(Karina Gould: Minister of Families, Children, and Social Development)
Budget 2023 will see the introduction of a National School Food Program. this expectation comes after the release of the January Lobbying Communication Report. The communication reports indicate the number of times an organization or business has communicated with a public officeholder about legislation, policy, programs, funding awarding, or contracts. These communication reports define lobbying in Canada.
The Federal Government has repeatedly hinted towards developing a National School Food Program. Fortunately, January’s report of lobbying events seems reassuring that such a program is coming in Budget 2023. January’s report indicates a new record for the Breakfast Club of Canada's (BCC lobbying efforts (a major stakeholder in support of the program): the BCC has had 49 total communication reports (separate lobbying events with public office holders, including MPs and policy advisors). The previous record was held in November, with 41 communication reports by the BCC.
However, what separates January’s communication reports from November’s is that November only had Members of Parliament and two designated Ministers being lobbied, Ministers Karina Gould and Mari Bibeau. Prime Minister Trudeau specifically tasked Minister Gould and Minister Bibeau to create such a program in their 2021 mandate letters following the 2021 federal election.

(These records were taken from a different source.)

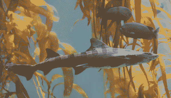leopard shark... da Good Boy of the shark world. he loves to eat craps and shrimbs and is 1 of if not the most gentle specie of shark on earth. they grow to be about one 2 one and a half meter long (~3-5 feet) and can live up to 20 years in captivity. i think theirs a conspiracy dat da freaking shark named after a kind of cat also lives about as long as house cat can. anyway's theyre very shy and quick to run away, so please don't bully them. thank u
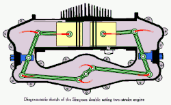 Los motores de camión Commer TS3 de 3 cilindros (diseñados originalmente por Tilling-Stevens) tienen un solo cigüeñal debajo del centro de los cilindros, con ambos pistones conectados por palancas.[11] Este tipo de configuración data al menos de 1914, cuando apareció el motor de gasolina denominado "Simpson de dos tiempos", según se publicó aquel año en la revista "The Motor Cycle".[12] Este diseño se valía de la compresión en el cárter y utilizaba un pistón para abrir el puerto de alimentación y otro para abrir el orificio de escape, lo que permitía que la carga de aire fresco fluyese desde un extremo del cilindro al otro, evitando así la necesidad de corona deflectora para los pistones utilizados en la mayoría de los motores de dos tiempos de la época. Las bielas que operan los pistones permitían un gran desplazamiento del pistón con una manivela más pequeña.
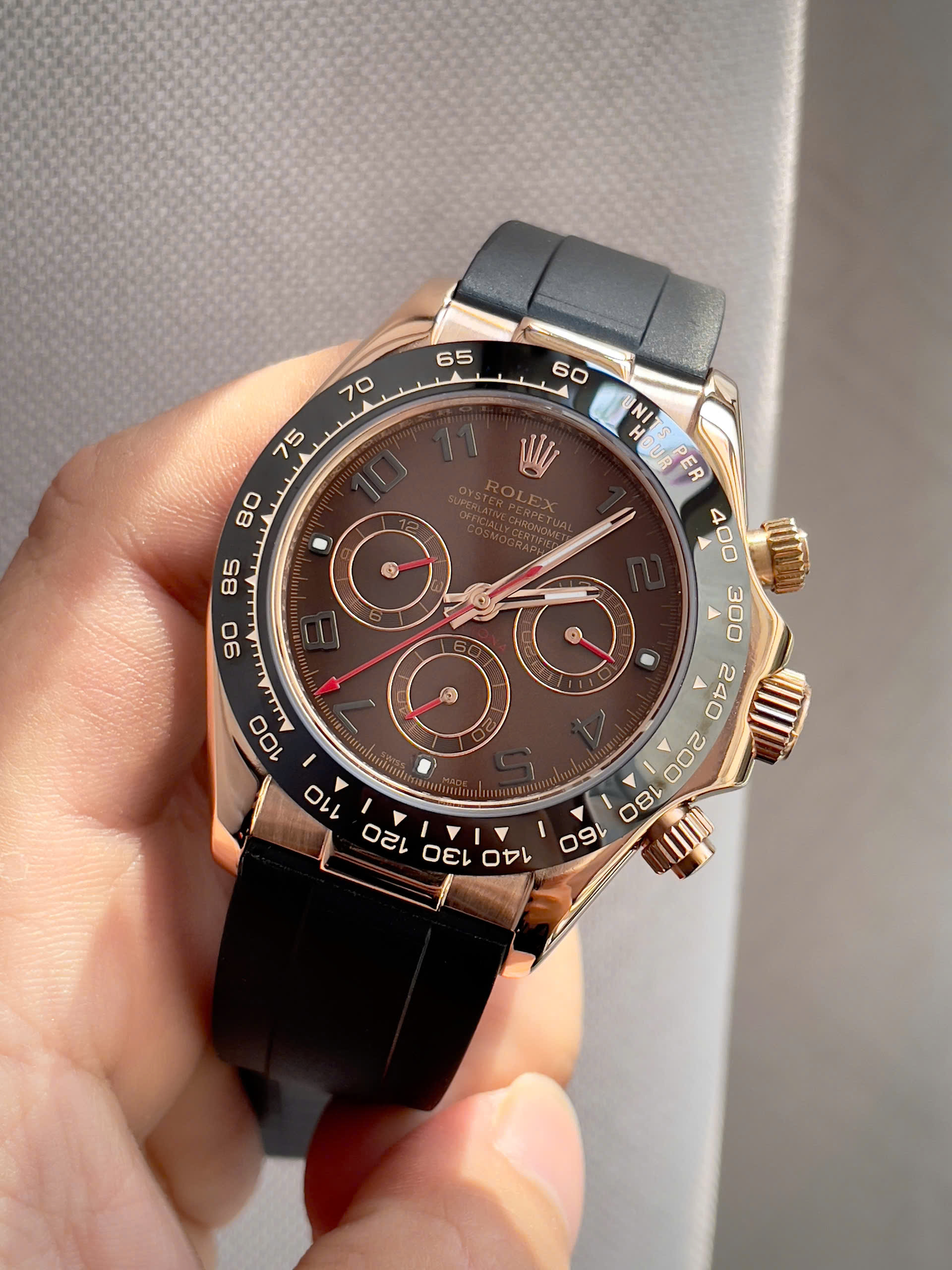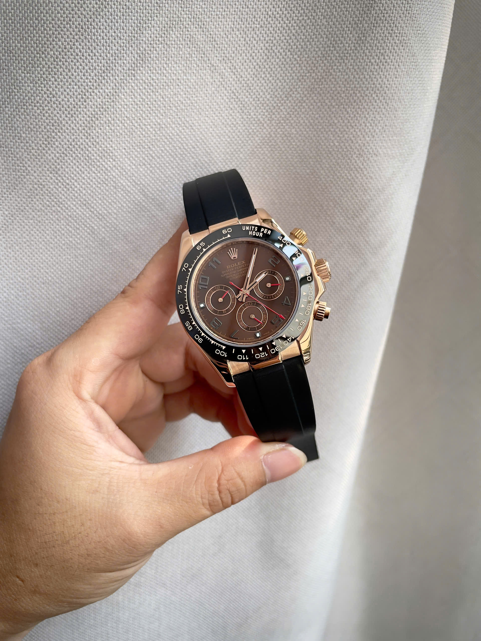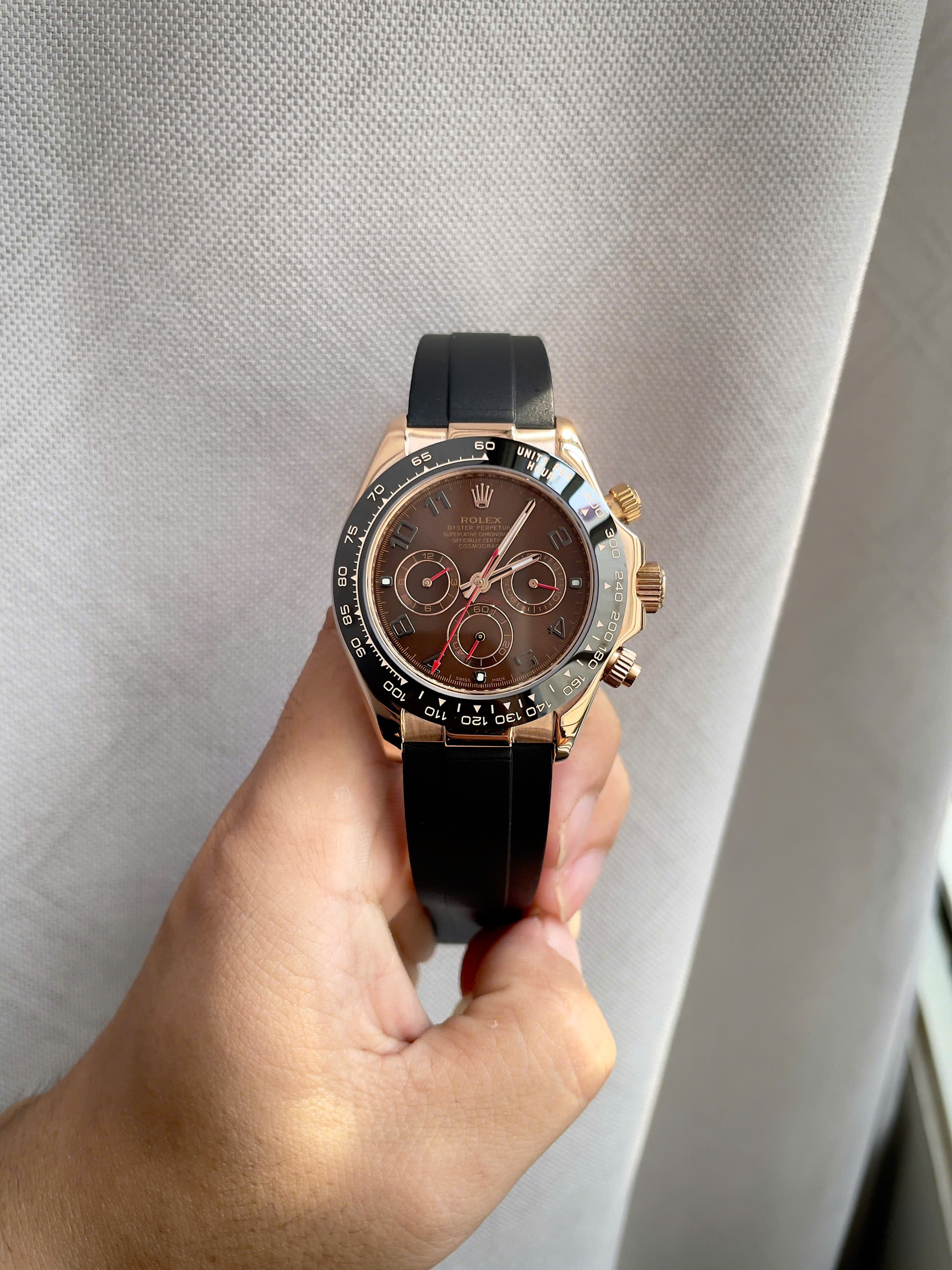 Đồng hồ Rolex Daytona Cosmograph nam mặt chocolate cọc số học trò fake 11 40mm

In January however, we see that every major cabinet minister including the Ministers of National Defence, Finance, Industry, Intergovernmental Affairs, Labour, Canadian Heritage, and others has each been individually briefed by the Breakfast Club of Canada in separate lobbying events. Furthermore, the January report reveals that the Prime Minister and Deputy Prime Minister have also participated in such lobbying exchanges with the BCC. It is significant because participating in lobbying exchanges is entirely voluntary by public officeholders; nothing compels public officeholders to engage in lobbying with businesses or organizations.

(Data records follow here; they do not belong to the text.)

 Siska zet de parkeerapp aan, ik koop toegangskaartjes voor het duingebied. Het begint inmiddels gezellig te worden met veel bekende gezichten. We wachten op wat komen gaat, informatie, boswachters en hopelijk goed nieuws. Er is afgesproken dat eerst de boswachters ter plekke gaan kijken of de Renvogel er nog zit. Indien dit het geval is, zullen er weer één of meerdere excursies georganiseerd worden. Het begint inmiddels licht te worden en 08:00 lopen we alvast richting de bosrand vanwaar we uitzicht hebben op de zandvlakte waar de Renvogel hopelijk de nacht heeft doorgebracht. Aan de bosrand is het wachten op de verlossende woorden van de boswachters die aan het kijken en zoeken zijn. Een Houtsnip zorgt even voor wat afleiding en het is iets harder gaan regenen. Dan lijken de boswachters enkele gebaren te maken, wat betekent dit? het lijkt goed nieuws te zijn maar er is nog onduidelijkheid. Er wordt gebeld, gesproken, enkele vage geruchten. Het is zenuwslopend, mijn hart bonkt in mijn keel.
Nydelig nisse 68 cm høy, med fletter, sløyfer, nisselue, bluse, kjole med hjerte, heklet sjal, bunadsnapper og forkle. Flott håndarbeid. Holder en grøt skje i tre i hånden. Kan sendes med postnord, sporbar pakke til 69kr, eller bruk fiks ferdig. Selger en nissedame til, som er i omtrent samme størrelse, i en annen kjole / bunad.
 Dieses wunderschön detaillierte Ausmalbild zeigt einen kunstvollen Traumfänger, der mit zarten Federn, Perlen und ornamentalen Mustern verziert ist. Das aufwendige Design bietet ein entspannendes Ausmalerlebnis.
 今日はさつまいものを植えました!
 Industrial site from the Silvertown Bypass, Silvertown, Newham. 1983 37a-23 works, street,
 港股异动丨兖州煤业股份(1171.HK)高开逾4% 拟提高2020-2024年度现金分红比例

Essentially, the BCC is spearheading the implementation through dozens of consultations with Federal Ministers and policy advisors to draw cabinet consensus. In Canada, the cabinet determines policy and how the government is run. The cabinet is crucial in implementing policy.
With the majority of the federal cabinet being briefed by the BCC, the federal government is likely gearing up to include billions of dollars in creating this program in Budget 2023. Under the subject matters discussed, the registry states (translated from French):
“We seek to create a National School Food Program in Canada. Funding and support from the federal government are needed to make this happen.
Funding source: Agriculture & Agri-Food Canada or Minister of Families, Children, and Social Development. We are looking for a grant.”
Furthermore, the quote comes under a specific classification of the lobbying information provided, which states “Grant, Contribution or Other Financial Benefit, Policies or Program” as the title. In other words, the BCC is lobbying and collaborating with the federal government to provide funding and support for the program.
Does Canada Need Such a Program?
Long-time advocates have pointed out that Canada severely lags in providing access to nutrition for children compared to its OECD peers. Advocates also expose the fragmentation of access to school food programs, citing Atlantic provinces providing reasonable access compared to poor access in the Prairie provinces and Quebec.
With a national framework and adequate funding, Canadian children will soon enjoy healthy, nutritious meals for breakfasts and lunches every day. Much of this funding will subsidize food programs nationwide and artificially lower the cost of providing such food to kids. School food programs often come at a yearly or monthly cost which may pose financial barriers for low-income families. With federal funding, families will see a reduction in the annual or monthly food bills they have to pay to feed their children in school. An overall positive outcome for both families being hit hard by the rising cost of groceries and children who will grow healthy from more fruit, grain, milk, vegetables, and protein in their daily diet.